▸ **PROBLEM TO SOLVE**:
As written and without pictures, set down the lines from the one that contains "Pisces 43 |" through the end of the data.

== COLLECTED MATERIAL ==

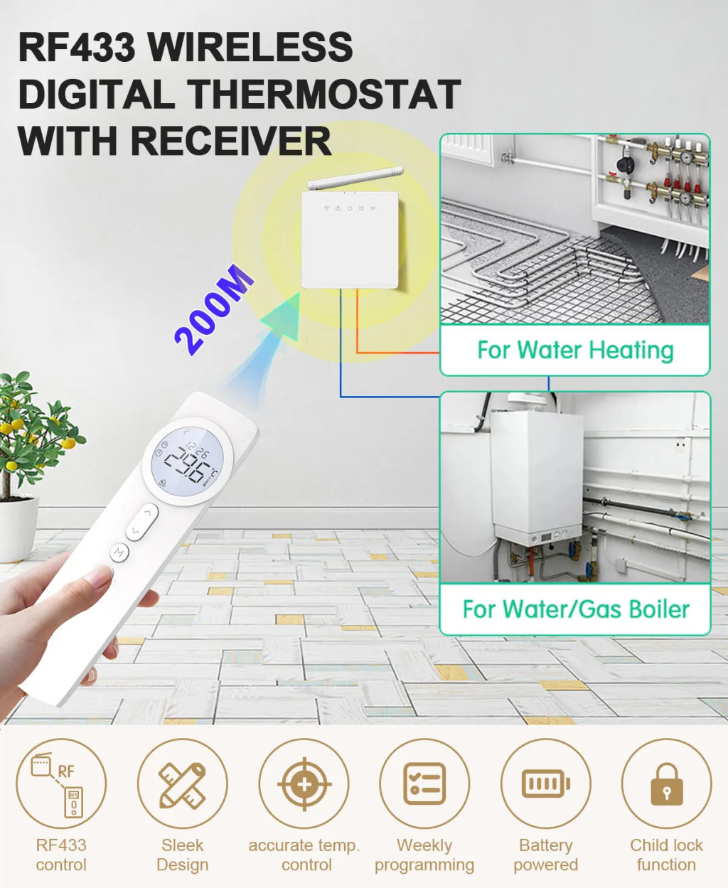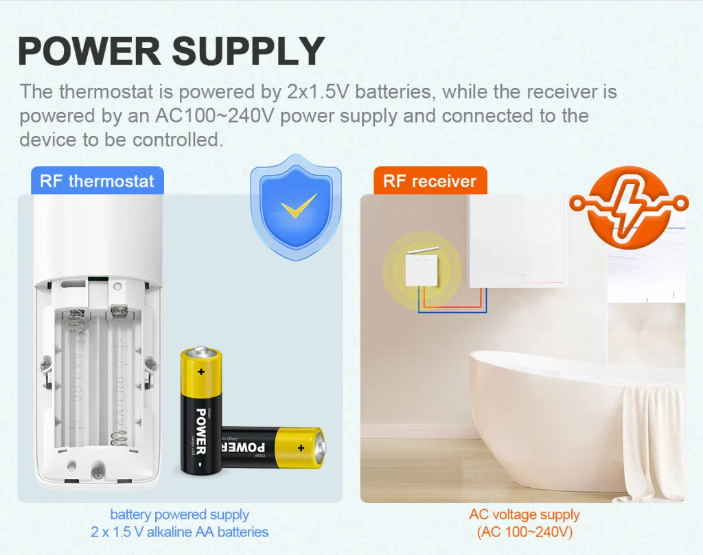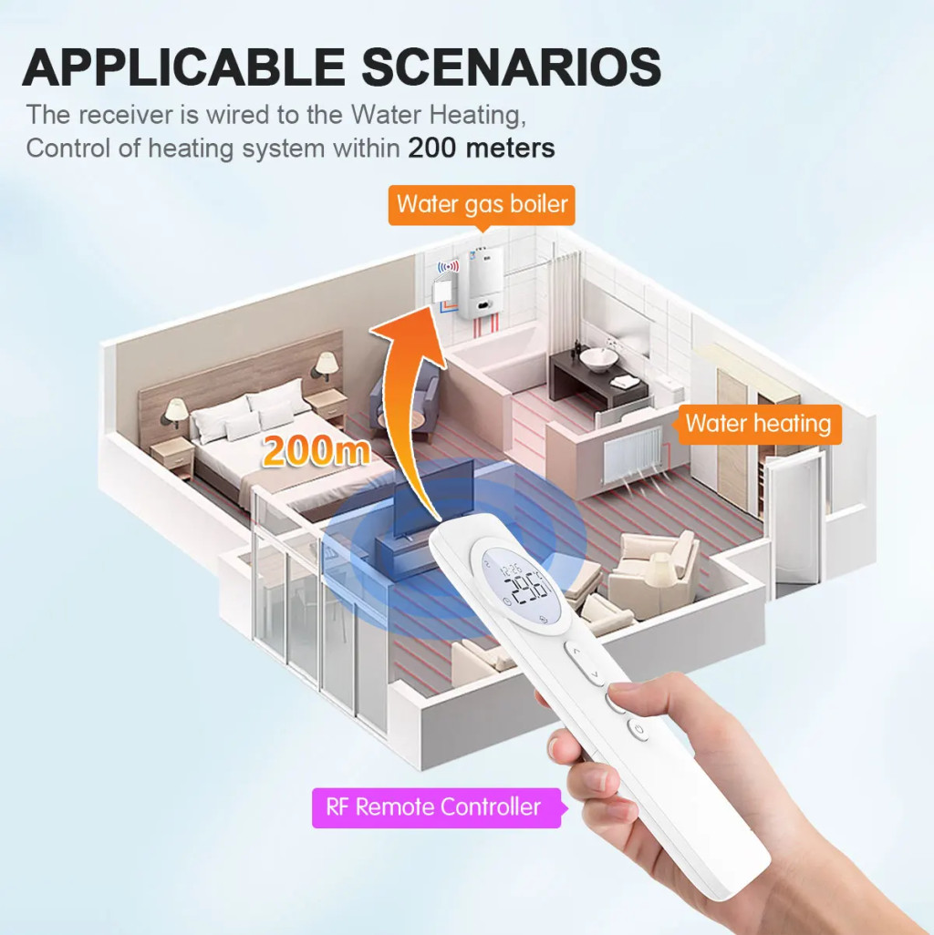 Ez egy RF433 vezeték nélküli + WiFi termosztát készlet, amely a "Smart Life" vagy a "Tuya Smart" alkalmazáson keresztül vezérelhető okostelefonról. Előnye a vevőegység és a termosztát közötti vezeték nélküli RF kommunikációban rejlik, így a vízmelegítés akár 200 méteres hatótávolságon belül is vezérelhető. Nagy pontosságú érzékelőchippel rendelkezik a hagyományos termosztátokhoz képest pontosabb hőmérsékletméréshez és -beállításhoz. Ez a fokozott kényelem nemcsak a közérzet javítását segíti elő, hanem az energiaköltségek csökkentéséhez is hozzájárul.
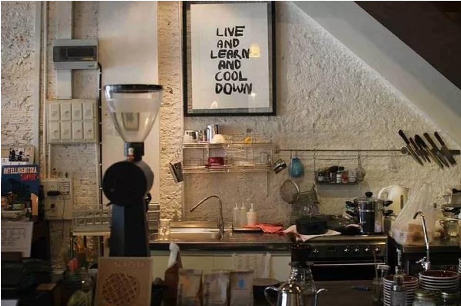 冷白色的 Kaizen Coffee 给人的印象是干净明亮的现代感,墙面的线条很有穿梭感,老板是一名DJ ,假期还会邀请朋友们到店内打碟,年轻男女聚集,浓厚的荷尔蒙的气息扑鼻而来。
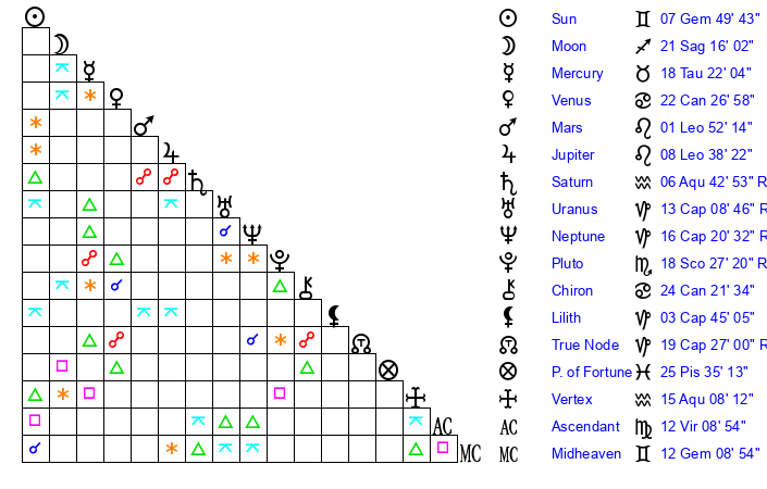 | Moon | 21 Sagittarius 10 | 14 Cancer 10 | 11 Pisces 43 |
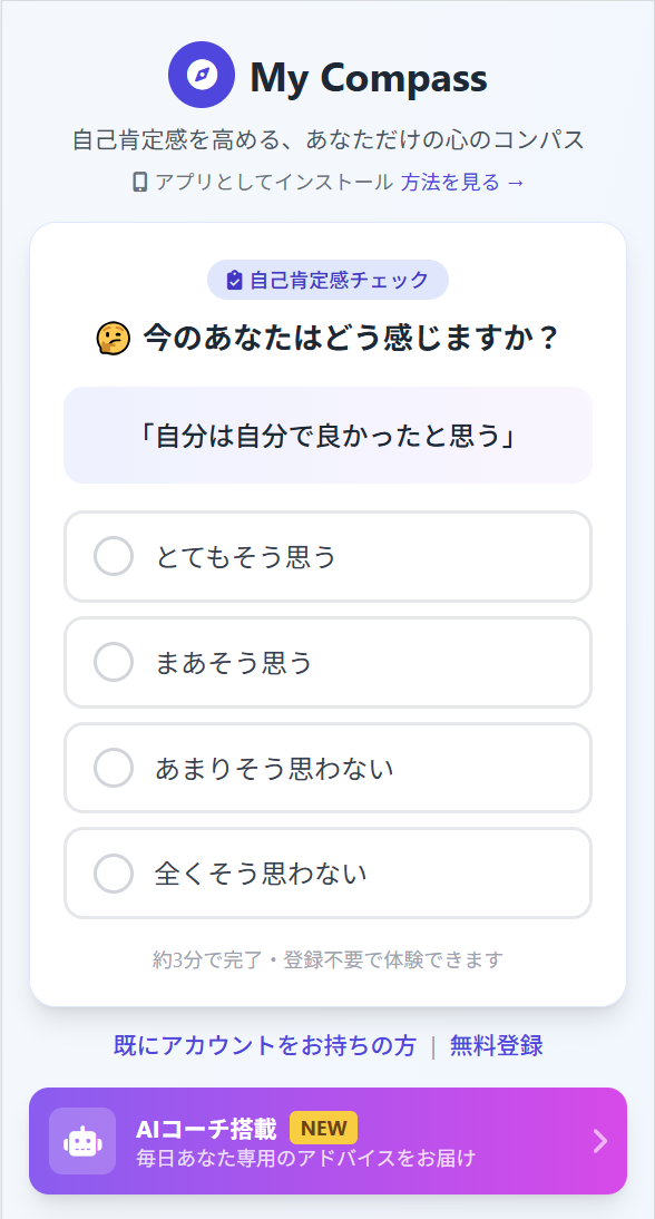自分を好きになる第一歩を、My Compassと一緒に踏み出してみませんか?」

===

▸ **WRITTEN SOLUTION**:
 | Moon | 21 Sagittarius 10 | 14 Cancer 10 | 11 Pisces 43 |
自分を好きになる第一歩を、My Compassと一緒に踏み出してみませんか?」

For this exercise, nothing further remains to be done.